Start of Source data

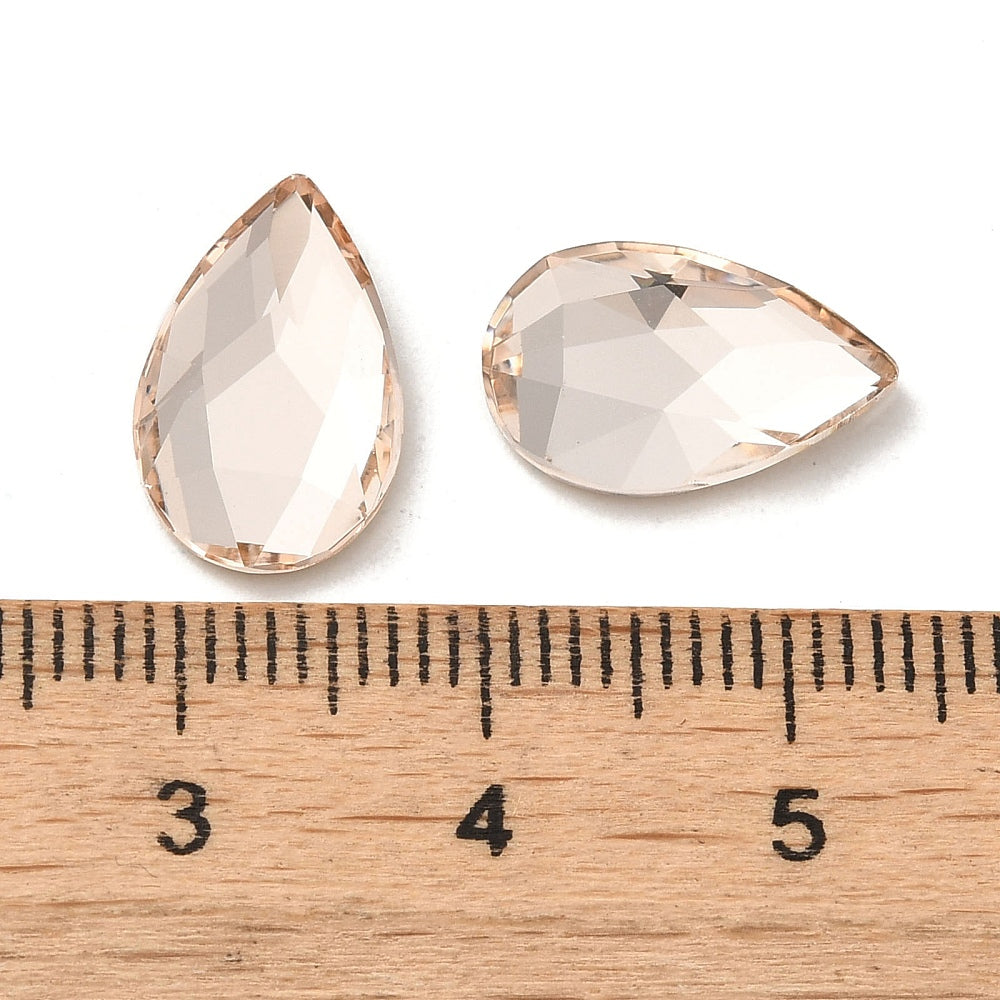 Description: Glass faceted rhinestone cabochons. Flat back and back plated. Used for making beaded earrings, pendants, and more. This item measures 14mm long x 9mm wide x 3.5mm thick.
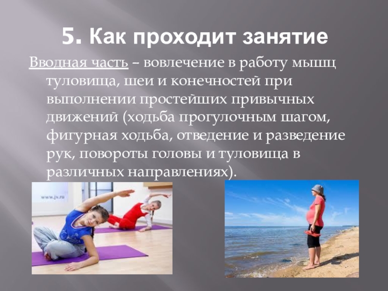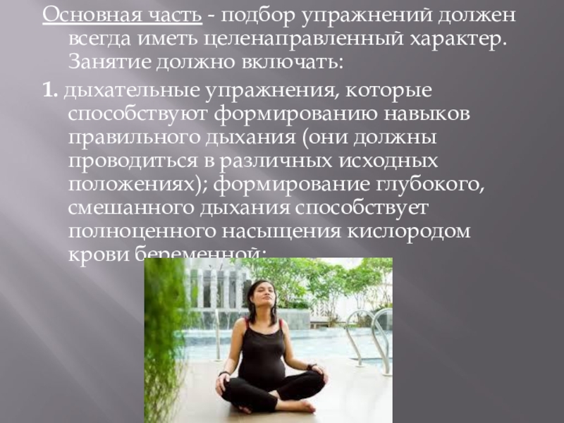 1. дыхательные упражнения, которые способствуют формированию навыков правильного дыхания (они должны проводиться в различных исходных положениях); формирование глубокого, смешанного дыхания способствует полноценного насыщения кислородом крови беременной;
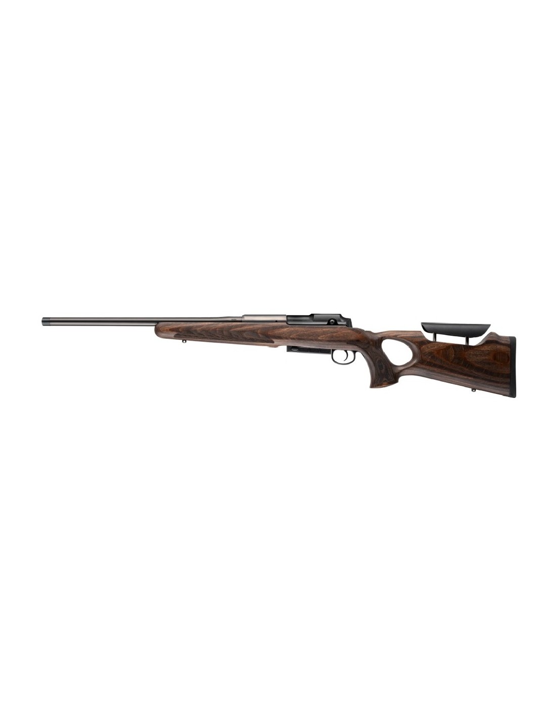La culata de madera laminada con orificio para el pulgar, ya popular en los modelos MAUSER 12 y MAUSER 18, también está disponible para el MAUSER 25. La culata del MAUSER 25 Max se caracteriza por su máxima estabilidad y una posición ergonómica para la mano. La culata, fabricada en madera de haya laminada con tratamiento especial, garantiza la máxima estabilidad y resistencia a la deformación en las condiciones climáticas más adversas.

End of Source data

Problem to solve:
Excluding pictures, print all lines above exactly.

Answer to the exercise:
 Description: Glass faceted rhinestone cabochons. Flat back and back plated. Used for making beaded earrings, pendants, and more. This item measures 14mm long x 9mm wide x 3.5mm thick.
 1. дыхательные упражнения, которые способствуют формированию навыков правильного дыхания (они должны проводиться в различных исходных положениях); формирование глубокого, смешанного дыхания способствует полноценного насыщения кислородом крови беременной;
La culata de madera laminada con orificio para el pulgar, ya popular en los modelos MAUSER 12 y MAUSER 18, también está disponible para el MAUSER 25. La culata del MAUSER 25 Max se caracteriza por su máxima estabilidad y una posición ergonómica para la mano. La culata, fabricada en madera de haya laminada con tratamiento especial, garantiza la máxima estabilidad y resistencia a la deformación en las condiciones climáticas más adversas.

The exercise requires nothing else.